───── Available data ─────

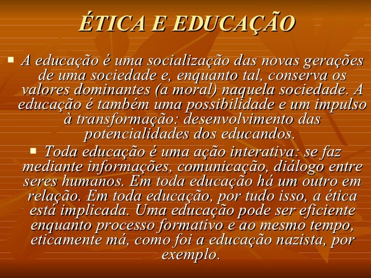 11. 16. ÉTICA E EDUCAÇÃO <ul><li>A educação é uma socialização das novas gerações de uma sociedade e, enquanto tal, conserva os valores dominantes (a moral) naquela sociedade. A educação é também uma possibilidade e um impulso à transformação: desenvolvimento das potencialidades dos educandos. </li></ul><ul><li>Toda educação é uma ação interativa: se faz mediante informações, comunicação, diálogo entre seres humanos. Em toda educação há um outro em relação. Em toda educação, por tudo isso, a ética está implicada. Uma educação pode ser eficiente enquanto processo formativo e ao mesmo tempo, eticamente má, como foi a educação nazista, por exemplo . </li></ul>
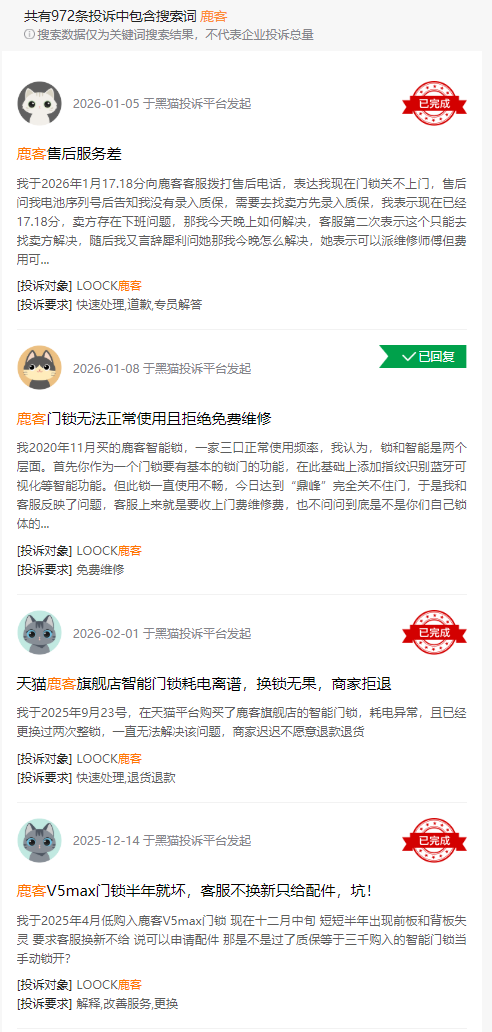 还有一个问题是,在第三方投诉平台上,有大量关于鹿客产品的投诉,反映了其在产品质量与服务闭环上可能存在短板。
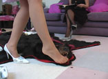 | The unboundedly attractive duo, Eve and Sister Superior, are a pulchritudinous pair of well off women. They are coming home to their cozy apartment after a busy day. Eve is in a pair of form fitting dark blue jeans, a sexy red top, nude stockings,and a pair of tan pumps. Sister Superior is wearing light blue jeans, a small brown top, black stockings, and some sexy black pumps. The girls have been on their feet all day and want to relax. Eve slips her pumps off and rubs her stockinged soles on their plush bear skin rug. Sister Superior is reading a magazine article about the homeless problem in America, and comments on how many bums she sees during the course of her day. Eve agrees and complains that she can't even go down the street without being harassed for a hand out. Both the girls are disgusted at the vile vagrants and laugh about how well off they are compared to them. They make fun of them for having nowhere to live and having nothing to eat, while they relax in their luxury apartment and enjoy decadent meals. Sister Superior gets an idea to bring in a homeless man and tease and belittle him. Both girls are excited as they go out find a bum. The camera changes to a point of view angle, and you get to see through the eyes of a lowly homeless vagrant. The girls invite you in and immediately start to humiliate and belittle you. Eve changes into a sexy pink dress, while sister Superior puts on a alluring black knee high dress. The girls start to tease you with their sexy legs, seductively peeling their stockings off, revealing their beautiful unpolished toes. They try on many different pairs of heels and strut their stuff, trampling the bear skin rug, while you kneel down in front of them. They decide to have a contest to see who can be meaner to you. They make you empty your pockets and take whatever change you have. They humiliate you and make you smell your own armpits. The girls go into the kitchen to get some food, and then eat it in front of you while laughing and pointing at you. Eve decides to share her burger with you, but smashes it with her heels before making you eat it. Finally they make you take off your pants and they heckle you for having such a small penis. Eve notices that it's starting to sprinkle outside. The girls decide that they've had enough fun with you, and kick you out just before it starts to rain. 60 min. |
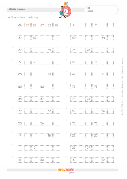 2.Sınıf Birer İleri Ritmik Sayma
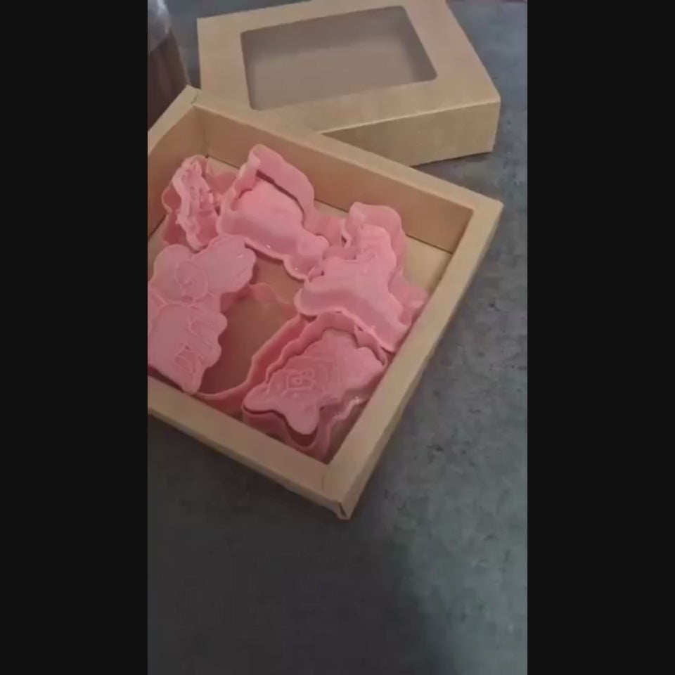 This dogs themed cookie cutter and embosser set includes 6 dogs cutters and stamps. Use the cutters to shape your cookie, then gently press the stamp into the dough to create imprinted detailing.
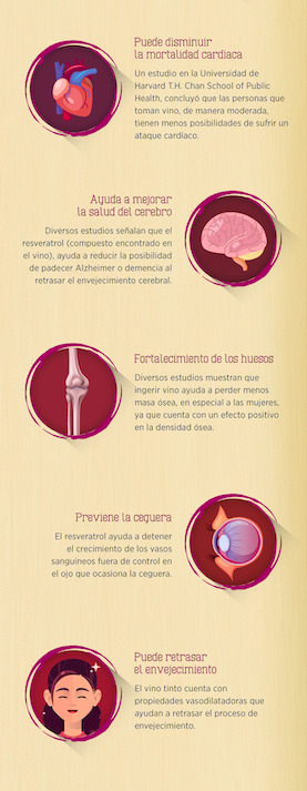 Diversos estudios señalan que el resveratrol (compuesto encontrado en el vino), ayuda a reducir la posibilidad de padecer Alzheimer o demencia al retrasar el envejecimiento cerebral.

─────

- [Assignment] Without the pictures, write out the whole listing exactly as it appears.

- [Response to the task]
 11. 16. ÉTICA E EDUCAÇÃO <ul><li>A educação é uma socialização das novas gerações de uma sociedade e, enquanto tal, conserva os valores dominantes (a moral) naquela sociedade. A educação é também uma possibilidade e um impulso à transformação: desenvolvimento das potencialidades dos educandos. </li></ul><ul><li>Toda educação é uma ação interativa: se faz mediante informações, comunicação, diálogo entre seres humanos. Em toda educação há um outro em relação. Em toda educação, por tudo isso, a ética está implicada. Uma educação pode ser eficiente enquanto processo formativo e ao mesmo tempo, eticamente má, como foi a educação nazista, por exemplo . </li></ul>
 还有一个问题是,在第三方投诉平台上,有大量关于鹿客产品的投诉,反映了其在产品质量与服务闭环上可能存在短板。
 | The unboundedly attractive duo, Eve and Sister Superior, are a pulchritudinous pair of well off women. They are coming home to their cozy apartment after a busy day. Eve is in a pair of form fitting dark blue jeans, a sexy red top, nude stockings,and a pair of tan pumps. Sister Superior is wearing light blue jeans, a small brown top, black stockings, and some sexy black pumps. The girls have been on their feet all day and want to relax. Eve slips her pumps off and rubs her stockinged soles on their plush bear skin rug. Sister Superior is reading a magazine article about the homeless problem in America, and comments on how many bums she sees during the course of her day. Eve agrees and complains that she can't even go down the street without being harassed for a hand out. Both the girls are disgusted at the vile vagrants and laugh about how well off they are compared to them. They make fun of them for having nowhere to live and having nothing to eat, while they relax in their luxury apartment and enjoy decadent meals. Sister Superior gets an idea to bring in a homeless man and tease and belittle him. Both girls are excited as they go out find a bum. The camera changes to a point of view angle, and you get to see through the eyes of a lowly homeless vagrant. The girls invite you in and immediately start to humiliate and belittle you. Eve changes into a sexy pink dress, while sister Superior puts on a alluring black knee high dress. The girls start to tease you with their sexy legs, seductively peeling their stockings off, revealing their beautiful unpolished toes. They try on many different pairs of heels and strut their stuff, trampling the bear skin rug, while you kneel down in front of them. They decide to have a contest to see who can be meaner to you. They make you empty your pockets and take whatever change you have. They humiliate you and make you smell your own armpits. The girls go into the kitchen to get some food, and then eat it in front of you while laughing and pointing at you. Eve decides to share her burger with you, but smashes it with her heels before making you eat it. Finally they make you take off your pants and they heckle you for having such a small penis. Eve notices that it's starting to sprinkle outside. The girls decide that they've had enough fun with you, and kick you out just before it starts to rain. 60 min. |
 2.Sınıf Birer İleri Ritmik Sayma
 This dogs themed cookie cutter and embosser set includes 6 dogs cutters and stamps. Use the cutters to shape your cookie, then gently press the stamp into the dough to create imprinted detailing.
 Diversos estudios señalan que el resveratrol (compuesto encontrado en el vino), ayuda a reducir la posibilidad de padecer Alzheimer o demencia al retrasar el envejecimiento cerebral.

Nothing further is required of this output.